Orateur du Corps législatif, M. de Fontanes porta souvent la parole au milieu des triomphes du conquérant son imagination avait été frappée de cette grandeur inattendue, dans l’ordre rapide où elle s’était successivement manifestée sous ses yeux. Des bords du Nil un homme avait reparu, déjà célèbre par de grands succès dans les combats, illustré même par les revers d’une expédition lointaine et merveilleuse, habile à tromper, comme à vaincre, et jetant sur son retour fugitif tout l’éclat d’une heureuse témérité. Sa jeunesse et son audace semblaient lui donner l’avenir. Ce luxe militaire de l’Orient qu’il ramenait avec lui comme un trophée, ces drapeaux déchirés et vainqueurs, ces soldats qui avaient subjugué l’Italie, et triomphé sur le Thabor et au pied des Pyramides, toute cette gloire de la France qu’il appelait sa gloire, répandait autour de son nom un prestige trop dangereux chez un peuple si confiant et si brave. Il avait rencontré, il avait saisi le plus heureux prétexte pour le pouvoir absolu, de longs désordres à réparer. Son ardente activité embrassait tout, pour tout envahir. Génie corrupteur, il avait cependant rétabli les autels ; funeste génie, élevé par la guerre, et devant tomber par la guerre, il avait pénétré d’un coup d’œil l’importance du rôle de législateur. Il s’en était rapidement emparé dans l’intervalle de deux victoires ; et dès lors, au bruit des armes, il allait exhausser son despotisme sur les bases de la société qu’il avait raffermies. On n’apercevait encore que le retour de l’ordre et l’espérance de la paix. Les maux de l’ambition, l’onéreuse tyrannie d’une guerre éternelle, le mépris calculé du sang français, l’oppression de tous les droits publics se développèrent plus lentement, comme de fatales conséquences, qu’enfermait l’usurpation militaire, mais qu’elle n’avait pas d’abord annoncées.

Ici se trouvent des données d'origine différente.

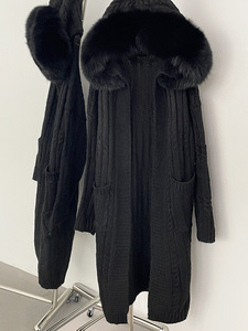 25新款真狐狸毛领长款毛衣外套女慵懒风秋冬穿搭加厚针织开衫外套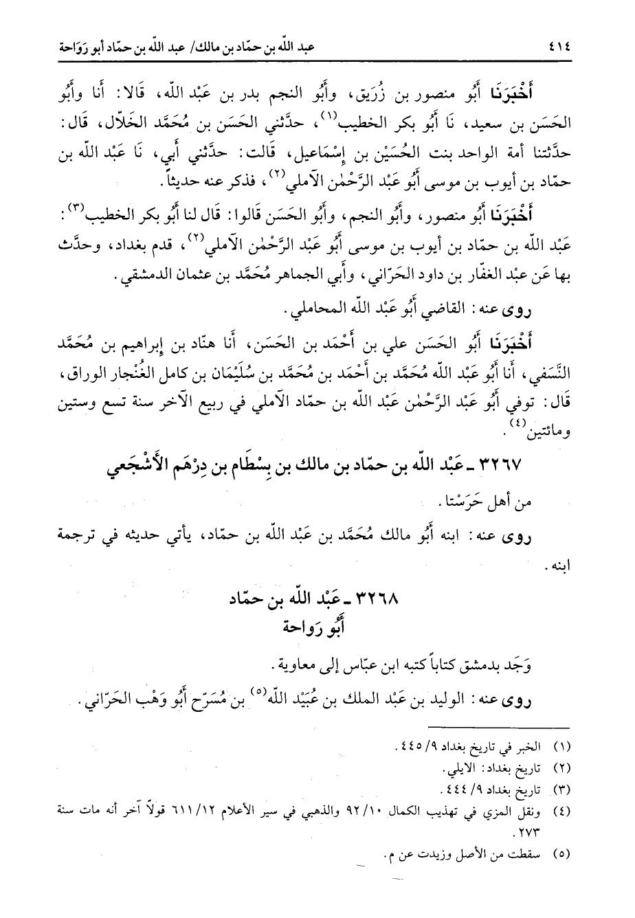 3268 - عبد الله بن حماد أبو رواحة وجد بدمشق كتأبا كتبه ابن عباس إلى معاوية روى عنه الوليد بن عبد الملك بن عبيد الله (5) بن مسرح أبو وهب الحراني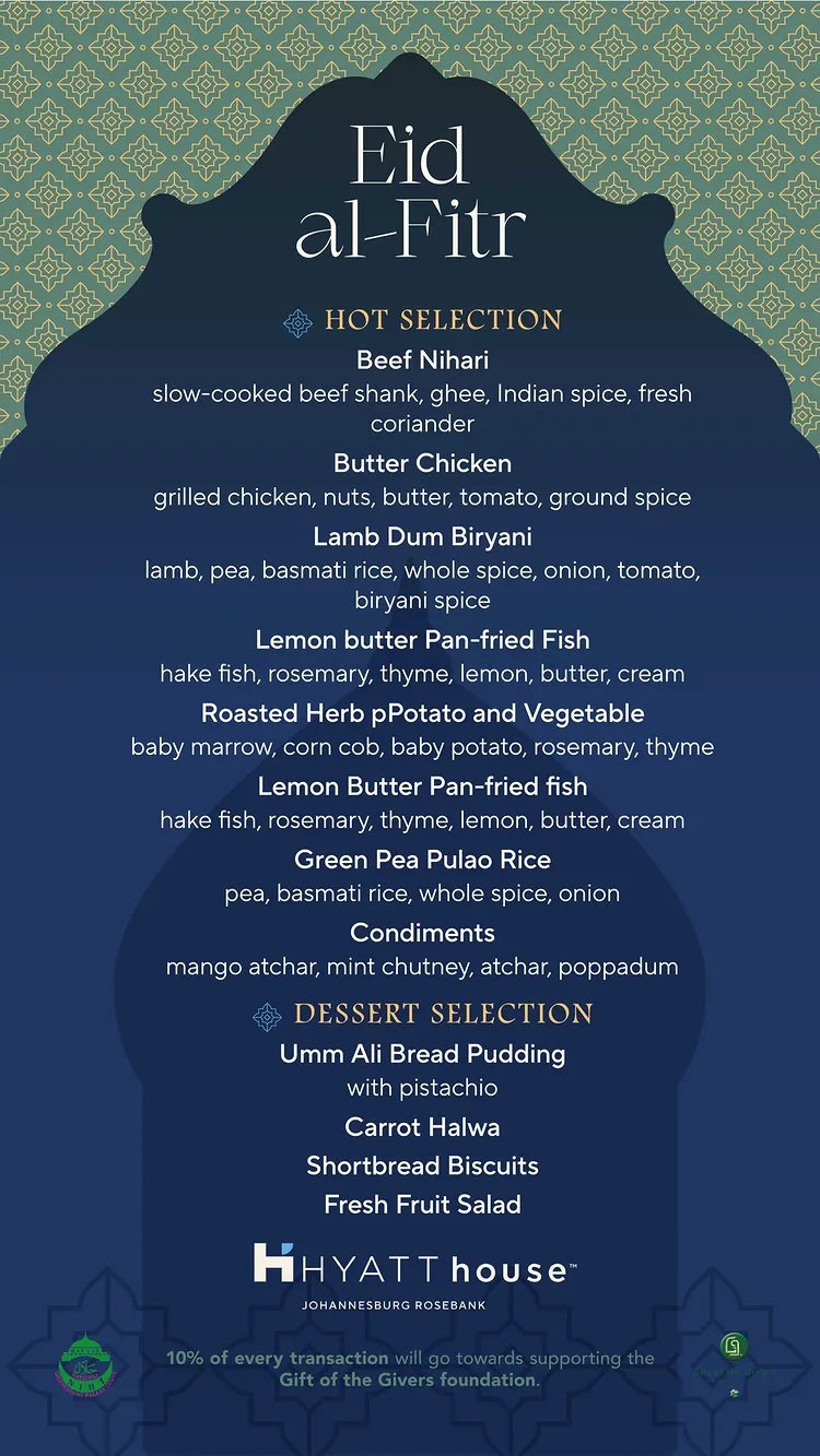 Priced at R495 per person, the Eid al-Fitr buffet also carries a meaningful touch: 10% of every transaction goes towards supporting the Gift of the Givers Foundation, adding heart to an already generous celebration.

Et cependant, Messieurs, quatre années s’écoulèrent à peine qu’un grand crime vint souiller cette puissance nouvelle et marquer d’une tache ineffaçable le diadème qu’elle se hâtait de saisir. Ah ! si de tyranniques entraves n’avaient pas pesé dès lors sur les députés de la France, quelque voix se serait élevée sans doute pour accuser cet odieux attentat ! L’homme qui avait osé le commettre n’hésita point à solliciter l’approbation d’une assemblée qu’il tenait asservie et cherchant, pour ainsi dire, à étonner dans une insolente publicité l’horreur du crime qu’il aurait voulu se cacher à lui-même, il en fit donner solennellement avis à la chambre, parmi d’autres communications politiques.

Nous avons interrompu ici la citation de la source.